What gives us the right to deny nuclear weapons to Iran? Israel has nuclear weapons. So do Pakistan, India, Russia, and China, as do we. Who made us the ultimate arbiter in this matter?
Porter’s analysis is a must.
However, it seems to assume that no agreement was ever possible under
any conditions, There is no chance that the US under any administration
would announce substantive elimination of sanctions. After all, the US
according to any US politician of any party is Israel’s ally.
On Tuesday, December 2, a non-binding resolution that Israel submit
all of its nuclear sites to IAEA inspection and that Israel, the largest
nuclear power in the Middle East (thanks to the US) passed the UN General
Assembly 261 to 4. The four opposing the resolution were the US, Canada,
Israel and another nations (perhaps Micronesia). Of course the US would veto
any action by the UN Security Council (at the behest of its “ally” Israel). After all,
the US is not “anti-semitic” as it seems the rest of the world is.
Thus the US has intended to increase and sterngthen its coercive policies
which satisfy the lethal colonial Israeli power. As an ancestral “Jew”

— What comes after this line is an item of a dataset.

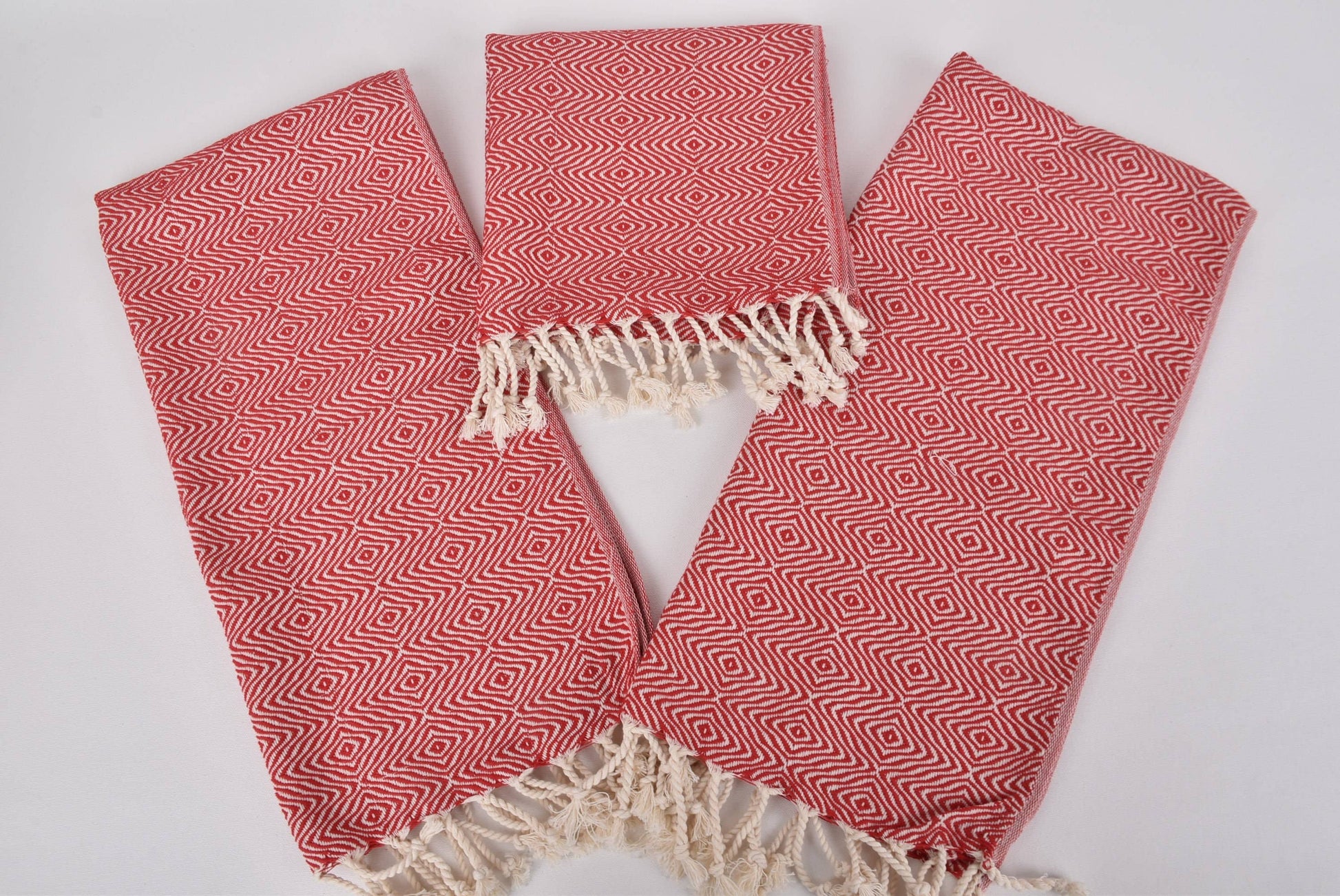 Elevate your kitchen with our Custom Dish Towel, a Cotton Woven Tea Towel that combines style and functionality. Perfect for personalized gifts, this 18x36 inches Red Towel is versatile for gym, camping, and home use. Its unique diamond pattern adds a touch of elegance while ensuring durability and absorbency.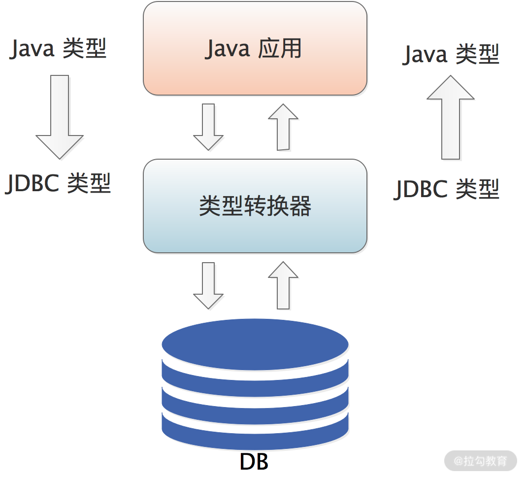 作为一个 Java 程序员,你应该已经具备了使用 JDBC 操作数据库的基础技能。在使用 JDBC 的时候,你会发现 JDBC 的数据类型与 Java 语言中的数据类型虽然有点对应关系,如下图所示,但还是无法做到一一对应,也自然无法做到自动映射。

(but never a practicing one), one must recognize this blackmail by Israel of
the US and the US public.
—-Peter Loeb, Boston, MA USA
Thoughtful article. Thanks for pointing out historical context. One could go back further to 1953 and the US illegal coup of a wonderful Iranian Prime Minister Mohammad Mossadegh and installed the odious Shah as a puppet. The US and UK will not tolerate any foreign leader wanting to use his country’s resources for the good of his people. The US had the gall to be horrified when the 1979 hostage taking occurred; it should have happened twenty years earlier. People are in error for thinking Iran wants a nuclear weapon. It doesn’t. How many times does the Ayatollah have to say it? Americans assume he’s lying because in our dealings around the world, it’s our modus operandi. If any country on earth should get a nuclear weapon, it’s Iran. But what on earth would it do with it? Retaliate for the bombs and assassins Israel sends over? (In recent years, Israel’s Mossad murdered five Iranian scientists. No outcry in the western world. All hell would break loose if that were reversed.) Iran has never in historic memory attacked another country, as Israel and the US do anytime the neocons feel like it. It’s amazing that Iranian negotiators never point out the obvious…the US has nuclear weapons, and are making more, and is the only country cruel enough to have used them.
it’s time to recognize that Iran’s main motive has been money as well—specifically, eroding sanctions and jump starting the economy—and that it has absolutely no interest in reaching a nuclear accord. The U.S. strategy has become one of subsidizing Iran’s nuclear program rather than eliminating it. That is diplomatic and security malpractice in the extreme.
You vomit up the standard neocon talking point that the Iranian government constitutes a “major threat to international security and stability”.
Even if it were nuclear-armed state, Iran would constitute no more a threat to the United States or Europe than Pakistan or India.
The only regime that perpetually feels “existentially threatened” are those neurotic, bellicose, nuclear-armed apartheid welchers at the eastern end of of the Mediterranean.
http://www.wrmea.org/congress-u.s.-aid-to-israel/u.s.-financial-aid-to-israel-figures-facts-and-impact.html
The neocons labored mightily to engineer this “failure”.
Having achieved their version of “success” (sanctions against Iran will remain in force), the neocons will bleat ever louder how “dangerous” Iran is.
Could not agree more. How come those setting US Foreign Policy are incapable of such common sense? The problem really is not the nuclear issue. I think the US is incapable of tolerating those countries that defy their wishes. Look at Cuba, Venezuela, Russia, China, Hezbollah, Hamas. Sheer hubris!!